La société marocaine déchirée par ses contradictions

Les propriétaires de salles de gym vous le diront, il n’est nulle période plus florissante pour les affaires que le tournant de l’année. Beaucoup en profitent, ainsi, pour prendre de nouvelles résolutions, et entre ceux qui veulent simplement commencer ou reprendre le sport et ceux qui se décident à un changement total dans leurs vies -l’exercice physique peut bien évidemment être un début-, l’espoir est généralement grand pour que les 365 ou 366 jours suivants soient meilleurs que les précédents. Pour un pays, il est sans doute permis d’en dire autant, puisque les mêmes mécanismes psychologiques agissant au niveau des individus finissent souvent par se répercuter au plan macro. Quel est donc cet espoir que l’on pourrait avoir pour le Maroc de 2020? La réponse à cette question ne peut bien évidemment être que personnelle, dans la mesure où l’un peut voir une priorité là où pour un autre il n’est question que d’un caprice.

Cette différence de perception s’est d’ailleurs vue au cours de l’exercice écoulé au moment où par exemple il a été question, à la fin de l’été, des libertés individuelles dans l’actualité, suite à l’arrestation puis la condamnation de la journaliste du quotidien Akhbar Al- Youm, Hajar Raissouni, pour «relations sexuelles hors mariage» et «avortement illégal». Le député FGD (Fédération de la gauche démocratique) Omar Balafrej, en avait justement fait les frais après avoir défendu, à cette occasion, la réforme du code pénal dans un sens garantissant davantage ces libertés, et ce non seulement de la part des conservateurs mais aussi dans les rangs même de la gauche, où il a notamment été taxé de traiter de problèmes de riches.
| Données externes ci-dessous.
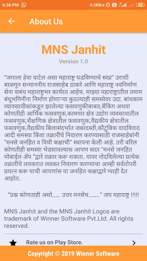 तरी वरिल कोणतीही समस्या भेडसावल्यास आपण सदर “मनसे जनहित मोबाईल ॲप(MNS Janhit - Complaints/Grievance Management System) “द्वारे तक्रार करू शकता. यावर नोदविलेल्या प्रत्येक तक्रारींचे लवकरात लवकर निवारण करण्याचा आम्ही सर्वतोपरी प्रयत्न करू याची आपणांस या जनहित कक्षाद्वारे ग्वाही देत आहोत.

Dans une certaine mesure, on pourrait donner raison à ces voix pour qui il faudrait d’abord commencer, par exemple, par réduire les inégalités, alors que le fossé n’a jamais été aussi grand entre les différentes classes de la société: à cet égard, le roi Mohammed VI regrettait, dans son discours d’ouverture du parlement du 13 octobre 2017, que «le progrès enregistré au Maroc ne profite pas à tous les citoyens». Mais il n’est, au final, aucune problématique qui doive être remise à plus tard, au prétexte d’un agenda supposément plus légitime et plus urgent qu’un autre. Autrement, le risque existe de se retrouver dans un pays où l’on est sinon exclu financièrement, du moins au plan des valeurs, et donc une tyrannie dans l’un et l’autre cas. Au demeurant, le Maroc appartient à tous les Marocains, et pas seulement à une partie d’entre eux, quel que soit leur poids dans la société, et pécuniaire et sociétal.

C’est à ce titre que la Commission spéciale sur le modèle de développement (CSMD), installée le 12 décembre par le roi Mohammed VI avec à sa tête l’ambassadeur du Maroc en France, Chakib Benmoussa, tombe sans doute le plus à point nommé. Par modèle de développement, beaucoup ont ainsi cru qu’il s’agissait d’une question purement économique, alors que c’est beaucoup plus large comme le prouve le fait que ladite commission comprenne, parmi ses trente-cinq membres, de purs penseurs des sciences humaines tels le professeur universitaire Rachid Benzine ou encore le sociologue Mohamed Tozy.

De fait, et ce encore plus que jamais en ces temps d’incertitudes balayant divers pays de par le monde et pas seulement le Maroc -les manifestations ont, pour ainsi dire, fait florès en 2019 dans quasiment tous les pays de la planète-, la société marocaine nécessite une refondation du contrat sur lequel elle s’est établie il y a plus de douze siècles. En même temps qu’il annonçait, dans son discours du Trône du 29 juillet 2019, la mise en place de la CSMD, le roi Mohammed VI a longuement épilogué sur ce contrat, en mettant notamment l’accent sur la «responsabilité» et l’«essor». Il y a certainement pour tout le monde, dans ces deux principes, où trouver son compte...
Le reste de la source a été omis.